Exercise data:
[Start of Attachment]

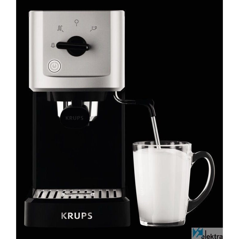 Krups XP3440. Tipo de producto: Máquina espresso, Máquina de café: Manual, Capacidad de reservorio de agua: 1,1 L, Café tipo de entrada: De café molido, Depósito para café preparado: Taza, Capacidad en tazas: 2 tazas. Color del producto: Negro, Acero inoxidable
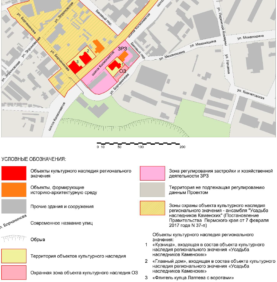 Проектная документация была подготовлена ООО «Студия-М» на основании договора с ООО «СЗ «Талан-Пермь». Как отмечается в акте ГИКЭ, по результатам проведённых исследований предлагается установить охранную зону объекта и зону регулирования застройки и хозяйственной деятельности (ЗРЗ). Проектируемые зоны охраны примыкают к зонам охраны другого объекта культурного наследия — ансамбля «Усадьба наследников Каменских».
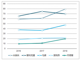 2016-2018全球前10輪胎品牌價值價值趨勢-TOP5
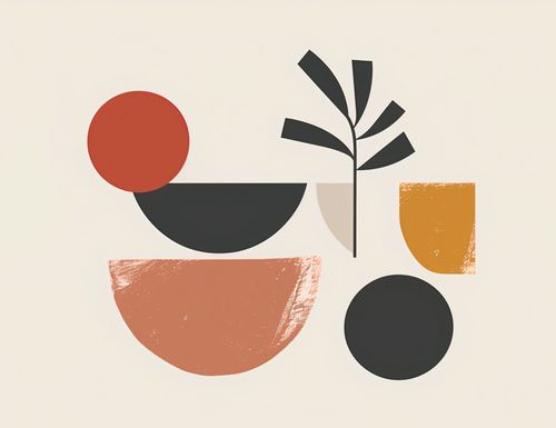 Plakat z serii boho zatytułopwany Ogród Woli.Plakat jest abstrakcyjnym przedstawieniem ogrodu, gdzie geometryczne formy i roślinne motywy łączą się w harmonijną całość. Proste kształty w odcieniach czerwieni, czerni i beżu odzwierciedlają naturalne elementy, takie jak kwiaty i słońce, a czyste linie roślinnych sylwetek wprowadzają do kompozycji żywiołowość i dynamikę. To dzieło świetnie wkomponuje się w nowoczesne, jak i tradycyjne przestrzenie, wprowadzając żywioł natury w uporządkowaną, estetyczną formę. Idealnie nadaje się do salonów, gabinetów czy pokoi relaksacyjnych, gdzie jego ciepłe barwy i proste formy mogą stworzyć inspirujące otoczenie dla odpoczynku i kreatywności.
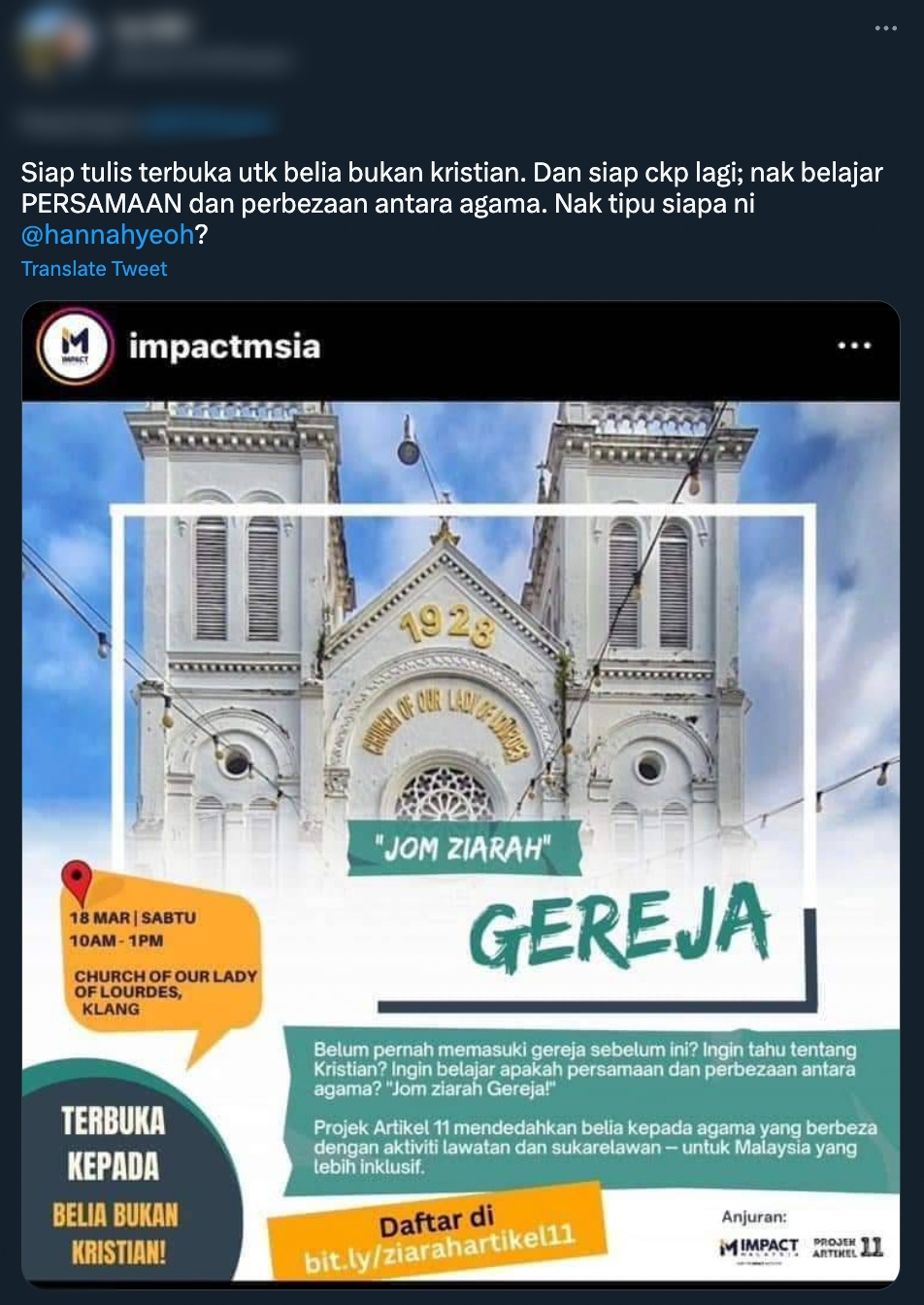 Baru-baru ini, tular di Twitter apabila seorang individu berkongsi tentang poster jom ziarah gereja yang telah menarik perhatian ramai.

[End of Attachment]
[Start of Attachment]

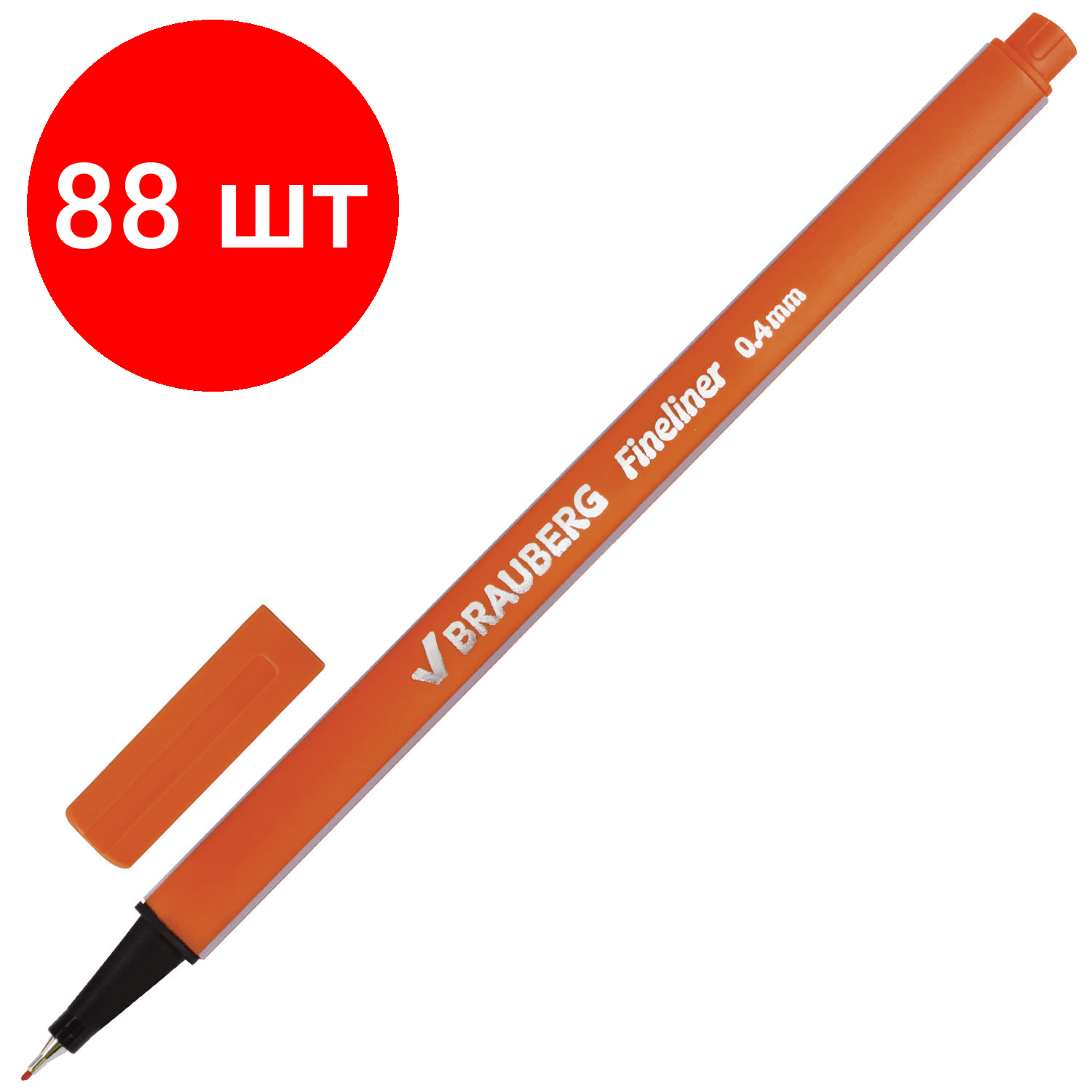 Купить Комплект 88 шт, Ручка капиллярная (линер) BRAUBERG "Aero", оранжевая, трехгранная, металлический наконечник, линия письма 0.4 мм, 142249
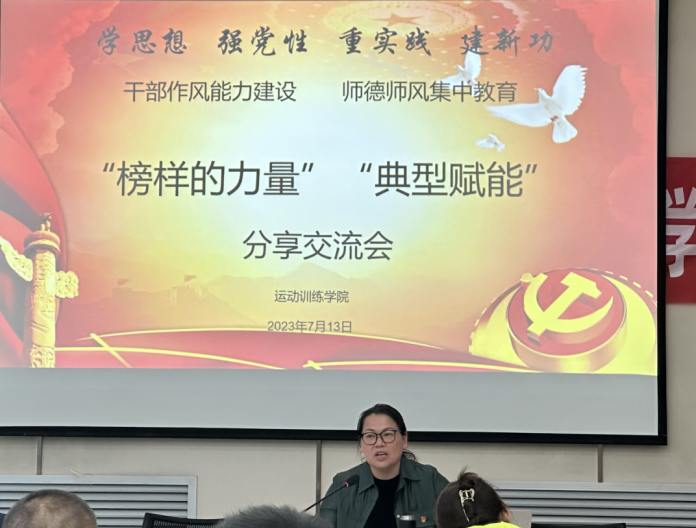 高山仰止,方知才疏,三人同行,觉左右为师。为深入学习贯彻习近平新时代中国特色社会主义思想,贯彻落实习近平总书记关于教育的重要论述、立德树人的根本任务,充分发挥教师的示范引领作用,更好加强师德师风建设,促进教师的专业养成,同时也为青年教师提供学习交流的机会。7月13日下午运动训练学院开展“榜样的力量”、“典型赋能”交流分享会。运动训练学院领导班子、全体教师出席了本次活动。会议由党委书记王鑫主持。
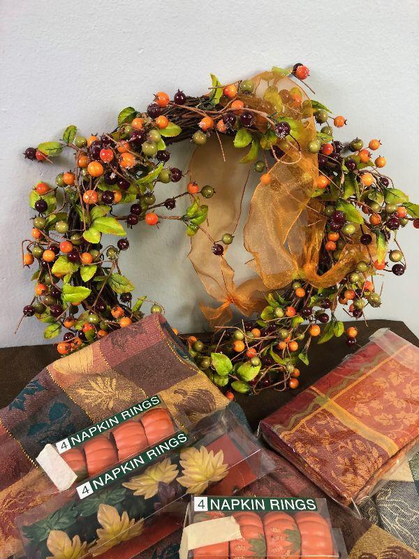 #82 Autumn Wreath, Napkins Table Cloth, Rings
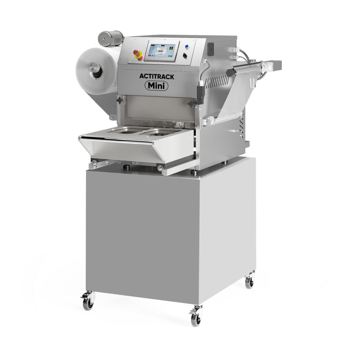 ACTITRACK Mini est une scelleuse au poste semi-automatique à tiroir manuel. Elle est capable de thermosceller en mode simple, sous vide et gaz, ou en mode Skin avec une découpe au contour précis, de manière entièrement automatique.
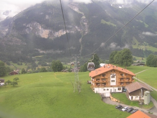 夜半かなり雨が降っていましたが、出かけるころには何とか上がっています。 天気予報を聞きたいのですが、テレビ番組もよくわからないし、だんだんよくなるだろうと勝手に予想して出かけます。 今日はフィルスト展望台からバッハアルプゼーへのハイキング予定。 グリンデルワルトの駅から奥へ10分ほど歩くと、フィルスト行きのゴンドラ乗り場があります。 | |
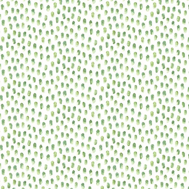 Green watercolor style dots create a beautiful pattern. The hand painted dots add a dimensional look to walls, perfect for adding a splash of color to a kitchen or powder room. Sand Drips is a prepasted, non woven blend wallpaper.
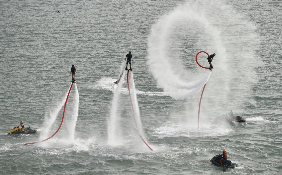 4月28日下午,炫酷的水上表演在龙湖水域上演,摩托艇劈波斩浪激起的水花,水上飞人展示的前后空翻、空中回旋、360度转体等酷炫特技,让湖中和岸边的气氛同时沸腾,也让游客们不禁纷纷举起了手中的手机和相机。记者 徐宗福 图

[End of Attachment]
[Start of Attachment]

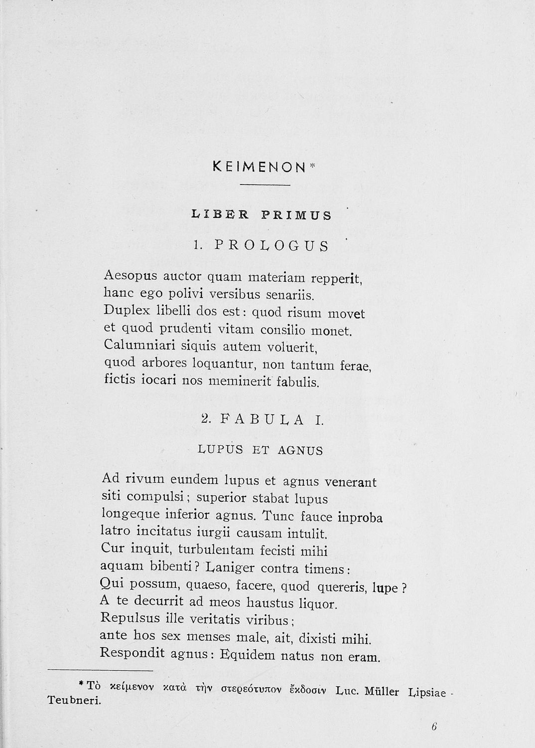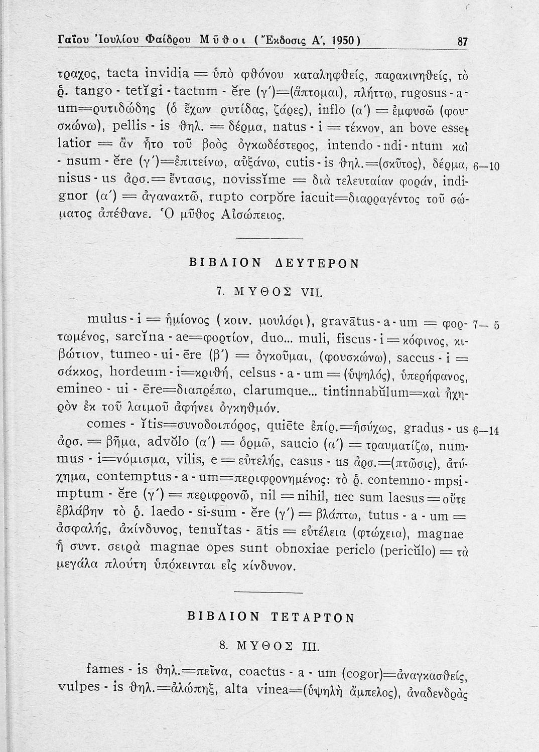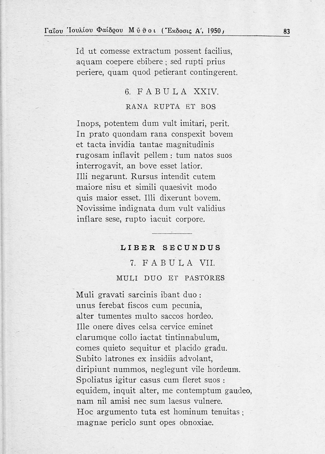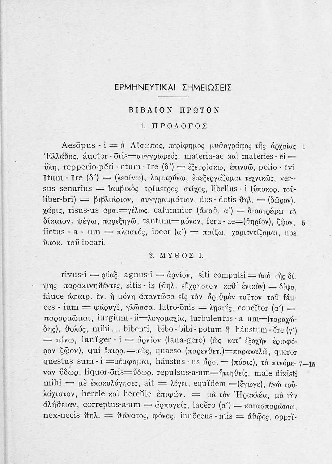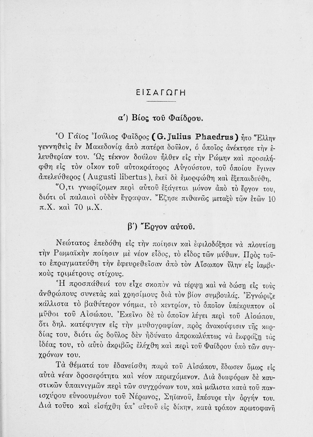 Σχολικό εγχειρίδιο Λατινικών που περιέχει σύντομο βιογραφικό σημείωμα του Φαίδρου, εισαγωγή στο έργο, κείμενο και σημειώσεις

[End of Attachment]

Exercise:
Take the material above from the line bearing "Plakat z serii" through the line bearing "Baru-baru ini, tular" and write it out exactly, both end lines included. Pictures stay out.

Task result:
 Plakat z serii boho zatytułopwany Ogród Woli.Plakat jest abstrakcyjnym przedstawieniem ogrodu, gdzie geometryczne formy i roślinne motywy łączą się w harmonijną całość. Proste kształty w odcieniach czerwieni, czerni i beżu odzwierciedlają naturalne elementy, takie jak kwiaty i słońce, a czyste linie roślinnych sylwetek wprowadzają do kompozycji żywiołowość i dynamikę. To dzieło świetnie wkomponuje się w nowoczesne, jak i tradycyjne przestrzenie, wprowadzając żywioł natury w uporządkowaną, estetyczną formę. Idealnie nadaje się do salonów, gabinetów czy pokoi relaksacyjnych, gdzie jego ciepłe barwy i proste formy mogą stworzyć inspirujące otoczenie dla odpoczynku i kreatywności.
 Baru-baru ini, tular di Twitter apabila seorang individu berkongsi tentang poster jom ziarah gereja yang telah menarik perhatian ramai.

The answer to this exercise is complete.